Python 3.6 asyncio driver for Chrome devtools protocol

Chromewhip communicates with the Chrome process with our own asyncio driver.

  • Typed Python bindings for devtools protocol through templated generation - get autocomplete with your code editor.

  • Can bind events to concurrent commands, which is required for providing a robust HTTP service.

Some example code on how to use it:

import asyncio
import logging

from chromewhip import Chrome
from chromewhip.protocol import page, dom

# see logging from chromewhip
logging.basicConfig(level=logging.DEBUG)

HOST = '127.0.0.1'
PORT = 9222

loop = asyncio.get_event_loop()
c = Chrome(host=HOST, port=PORT)

loop.run_until_complete(c.connect())

tab = c.tabs[0]

loop.run_until_complete(tab.enable_page_events())

cmd = page.Page.navigate(url='http://nzherald.co.nz')

# send_command will return once the frameStoppedLoading event is received THAT matches
# the frameId that it is in the returned command payload.
await_on_event_type = page.FrameStoppedLoadingEvent

result = loop.run_until_complete(tab.send_command(cmd, await_on_event_type=await_on_event_type))

# send_command always returns a dict with keys `ack` and `event`
# `ack` contains the payload on response of a command
# `event` contains the payload of the awaited event if `await_on_event_type` is provided
ack = result['ack']['result']
event = result['event']
assert ack['frameId'] == event.frameId

cmd = page.Page.setDeviceMetricsOverride(width=800,
                                         height=600,
                                         deviceScaleFactor=0.0,
                                         mobile=False,
                                         fitWindow=False)

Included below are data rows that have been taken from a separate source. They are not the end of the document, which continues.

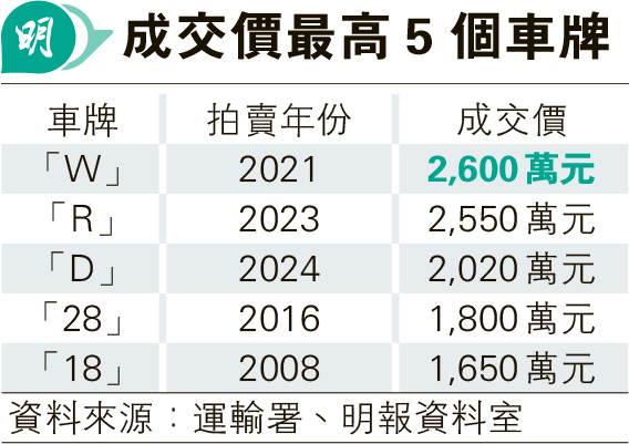 翻查資料,歷來拍賣成交價最貴車牌是「W」,在2021年3月7日新春車牌拍賣會以2600萬元成交;第二位是2023年2月拍賣的自訂車牌「R」,買家以2550萬元投得;至於第三位則是去年2月拍賣的「D」車牌,以2020萬元成交(見表)。
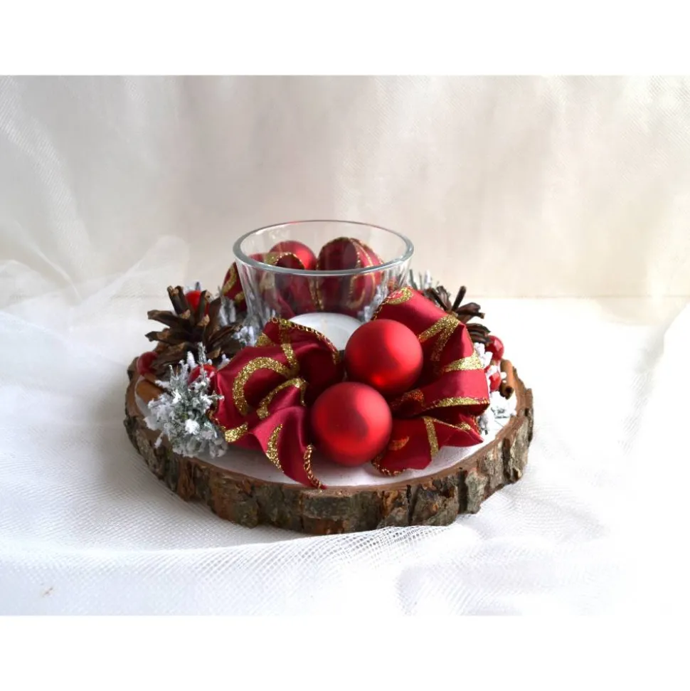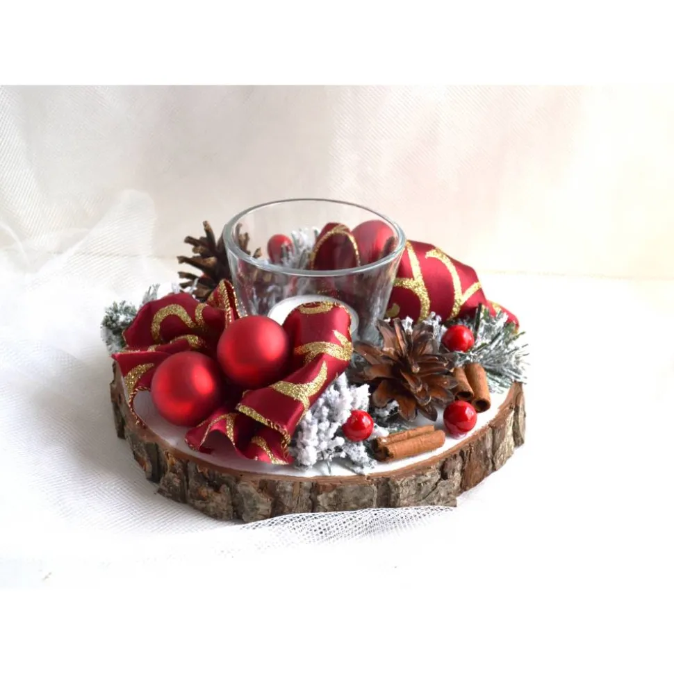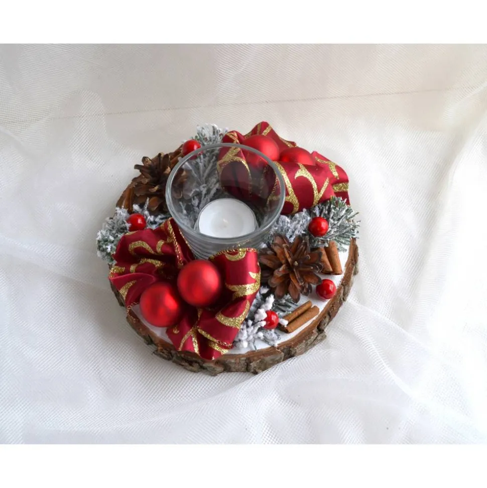 Dieses schöne Weihnachtsgesteck ist eine schöne Dekoration für den Tisch oder das Sideboard. Es ist liebevoll von Hand auf eine Baumscheibe dekoriert. Die Schleife ist in traditioneller Weihnachtsfarbe rot-gold. Es versprüht einen romantischen und weihnachtlichen Charme.
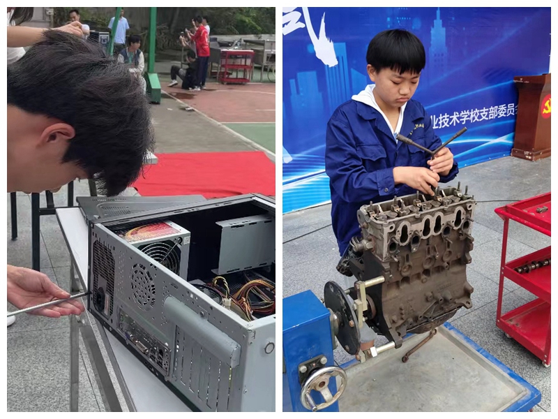 以丰富多彩的系列活动全面展示重庆中意职业技术学校各专业技能教育教学重大改革发展成果。 本次职业教育活动周主要以《计算机应用与维修》专业、《烹饪(中式烹调)》专业、《汽车维修》专业、《铁路客运服务》专业、《航空服务》专业特色开展专业技能展示。让各专业学生自己动手,通过自己所学专业知识,利用学校职教活动周搭建展示平台,展示了自己制作的作品,提升学生的技能,展现了我校职教学子风采。

loop.run_until_complete(tab.send_command(cmd))

result = loop.run_until_complete(tab.send_command(dom.DOM.getDocument()))

dom_obj = result['ack']['result']['root']

# Python types are determined by the `types` fields in the JSON reference for the
# devtools protocol, and `send_command` will convert if possible.
assert isinstance(dom_obj, dom.Node)

print(dom_obj.nodeId)
print(dom_obj.nodeName)

Running

Deploying with Docker

docker run --init -it --rm --shm-size=1024m -p=127.0.0.1:8080:8080 --cap-add=SYS_ADMIN \
  chuckus/chromewhip

Requirements for MacOS 10.12+

  • Google Chrome Canary

Implemented HTTP API

/render.html

Query params:

  • url : string : required

  • The url to render (required)

  • js : string : optional Javascript profile name.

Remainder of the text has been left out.